• **Dataset entries**:
☆ ☆ ☆

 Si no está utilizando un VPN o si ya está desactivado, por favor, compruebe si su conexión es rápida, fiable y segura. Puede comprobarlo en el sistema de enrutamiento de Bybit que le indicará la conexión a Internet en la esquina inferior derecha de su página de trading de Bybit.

☆ ☆ ☆

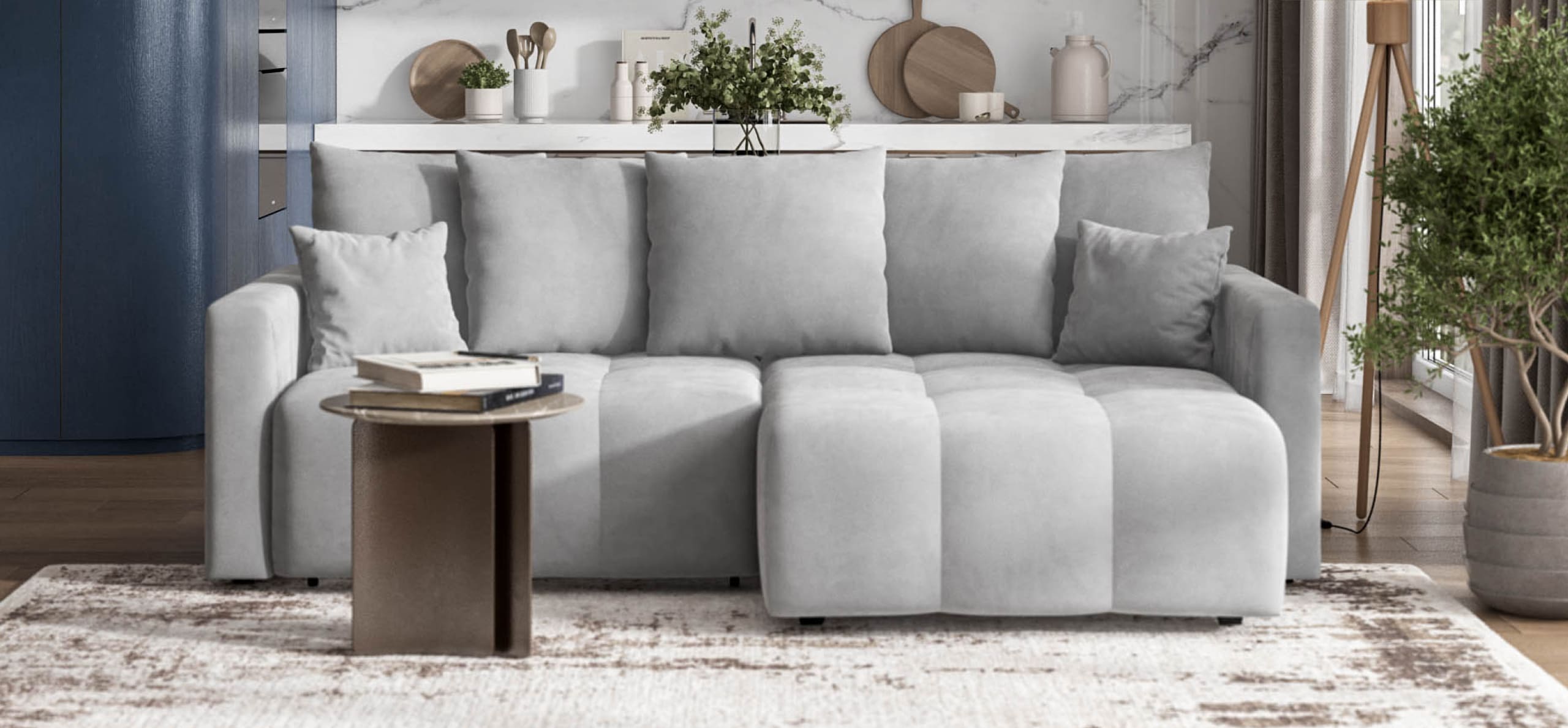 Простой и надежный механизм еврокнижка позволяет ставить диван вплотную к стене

☆ ☆ ☆

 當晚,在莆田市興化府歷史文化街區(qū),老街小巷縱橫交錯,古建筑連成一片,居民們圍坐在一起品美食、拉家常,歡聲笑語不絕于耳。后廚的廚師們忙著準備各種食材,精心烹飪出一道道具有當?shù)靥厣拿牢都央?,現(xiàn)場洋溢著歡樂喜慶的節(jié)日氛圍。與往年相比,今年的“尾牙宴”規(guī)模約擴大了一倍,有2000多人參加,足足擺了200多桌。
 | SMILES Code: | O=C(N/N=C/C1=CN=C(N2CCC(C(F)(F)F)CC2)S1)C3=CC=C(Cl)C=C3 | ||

☆ ☆ ☆

• **Problem details**:
Using the records above, copy word for word the line with "當晚,在莆田市興化府歷史文化", the line with "O=C(N/N=C/C1=CN=C(N2CCC(C(F)(F)F)CC2)S1)C3=CC=C(Cl)C=C3 | ||", and every line between them.

• **Answer for the task**:
 當晚,在莆田市興化府歷史文化街區(qū),老街小巷縱橫交錯,古建筑連成一片,居民們圍坐在一起品美食、拉家常,歡聲笑語不絕于耳。后廚的廚師們忙著準備各種食材,精心烹飪出一道道具有當?shù)靥厣拿牢都央?,現(xiàn)場洋溢著歡樂喜慶的節(jié)日氛圍。與往年相比,今年的“尾牙宴”規(guī)模約擴大了一倍,有2000多人參加,足足擺了200多桌。
 | SMILES Code: | O=C(N/N=C/C1=CN=C(N2CCC(C(F)(F)F)CC2)S1)C3=CC=C(Cl)C=C3 | ||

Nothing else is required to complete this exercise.